ENTRIES SUPPLIED:
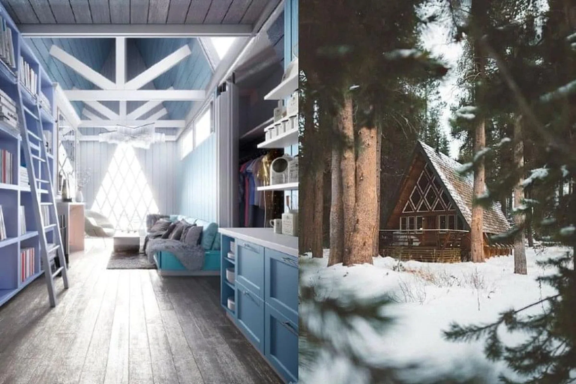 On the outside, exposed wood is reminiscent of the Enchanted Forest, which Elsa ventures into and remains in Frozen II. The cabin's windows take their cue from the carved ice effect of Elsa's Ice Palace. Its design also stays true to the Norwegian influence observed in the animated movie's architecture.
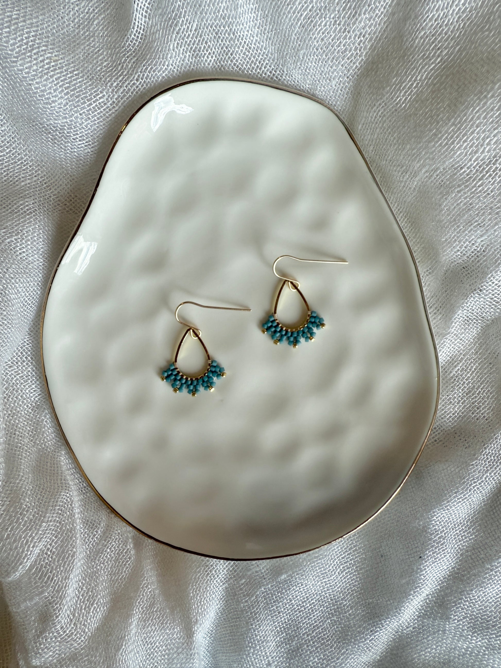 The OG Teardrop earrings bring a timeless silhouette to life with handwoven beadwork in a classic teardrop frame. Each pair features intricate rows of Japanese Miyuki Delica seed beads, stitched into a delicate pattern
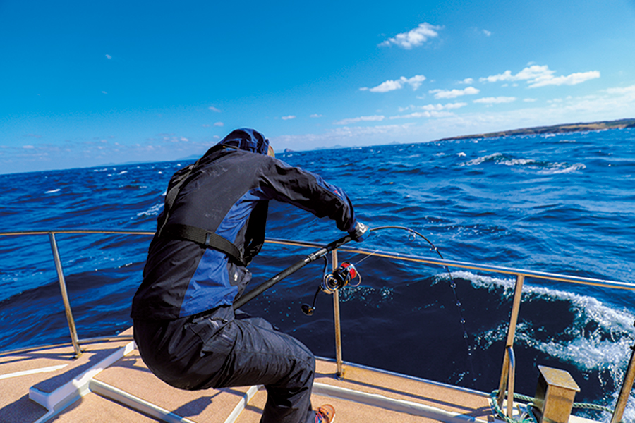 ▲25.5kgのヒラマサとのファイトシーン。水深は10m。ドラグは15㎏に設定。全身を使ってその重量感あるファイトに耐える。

---

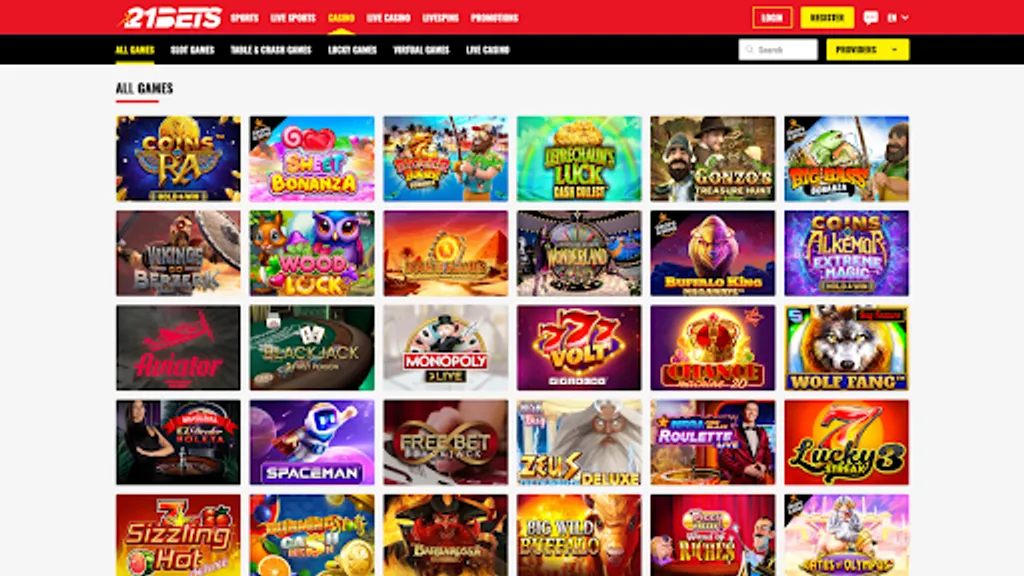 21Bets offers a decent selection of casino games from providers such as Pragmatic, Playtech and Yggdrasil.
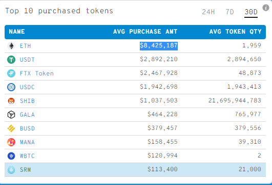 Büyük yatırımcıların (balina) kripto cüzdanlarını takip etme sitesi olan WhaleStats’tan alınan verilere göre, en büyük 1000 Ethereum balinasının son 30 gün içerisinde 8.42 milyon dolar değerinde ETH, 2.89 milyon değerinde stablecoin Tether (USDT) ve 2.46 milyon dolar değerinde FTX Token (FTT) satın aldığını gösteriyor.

==

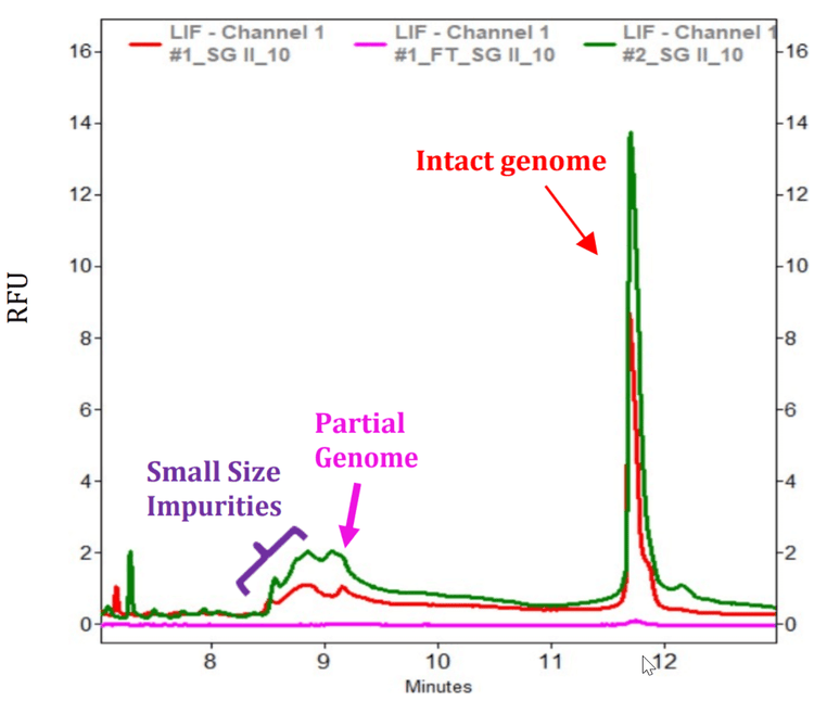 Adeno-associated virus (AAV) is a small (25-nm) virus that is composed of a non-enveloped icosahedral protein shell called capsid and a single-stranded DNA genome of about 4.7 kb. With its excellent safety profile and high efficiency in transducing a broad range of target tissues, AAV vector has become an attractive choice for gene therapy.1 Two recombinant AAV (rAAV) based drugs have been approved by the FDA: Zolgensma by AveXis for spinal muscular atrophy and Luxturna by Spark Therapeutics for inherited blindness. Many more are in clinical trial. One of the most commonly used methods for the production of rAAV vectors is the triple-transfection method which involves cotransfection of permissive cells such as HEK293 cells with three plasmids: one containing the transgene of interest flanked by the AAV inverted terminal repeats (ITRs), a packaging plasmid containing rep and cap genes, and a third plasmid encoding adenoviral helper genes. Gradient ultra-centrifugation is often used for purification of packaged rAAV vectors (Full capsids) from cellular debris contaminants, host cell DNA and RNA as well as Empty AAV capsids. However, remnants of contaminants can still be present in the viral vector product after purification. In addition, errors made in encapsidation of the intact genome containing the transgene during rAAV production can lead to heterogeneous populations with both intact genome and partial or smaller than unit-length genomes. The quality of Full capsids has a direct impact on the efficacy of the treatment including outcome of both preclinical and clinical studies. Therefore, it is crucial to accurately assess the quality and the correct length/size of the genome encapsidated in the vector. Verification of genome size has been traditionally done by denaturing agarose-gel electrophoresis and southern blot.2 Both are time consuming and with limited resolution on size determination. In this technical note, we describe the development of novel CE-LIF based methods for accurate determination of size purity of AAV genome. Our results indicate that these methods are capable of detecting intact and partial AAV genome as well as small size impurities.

ACTIVITY:
Leave the pictures out, and transcribe exactly the lines above starting at the one that contains "21Bets offers a" and ending at the one that contains "Büyük yatırımcıların (balina)".

EXERCISE RESPONSE:
 21Bets offers a decent selection of casino games from providers such as Pragmatic, Playtech and Yggdrasil.
 Büyük yatırımcıların (balina) kripto cüzdanlarını takip etme sitesi olan WhaleStats’tan alınan verilere göre, en büyük 1000 Ethereum balinasının son 30 gün içerisinde 8.42 milyon dolar değerinde ETH, 2.89 milyon değerinde stablecoin Tether (USDT) ve 2.46 milyon dolar değerinde FTX Token (FTT) satın aldığını gösteriyor.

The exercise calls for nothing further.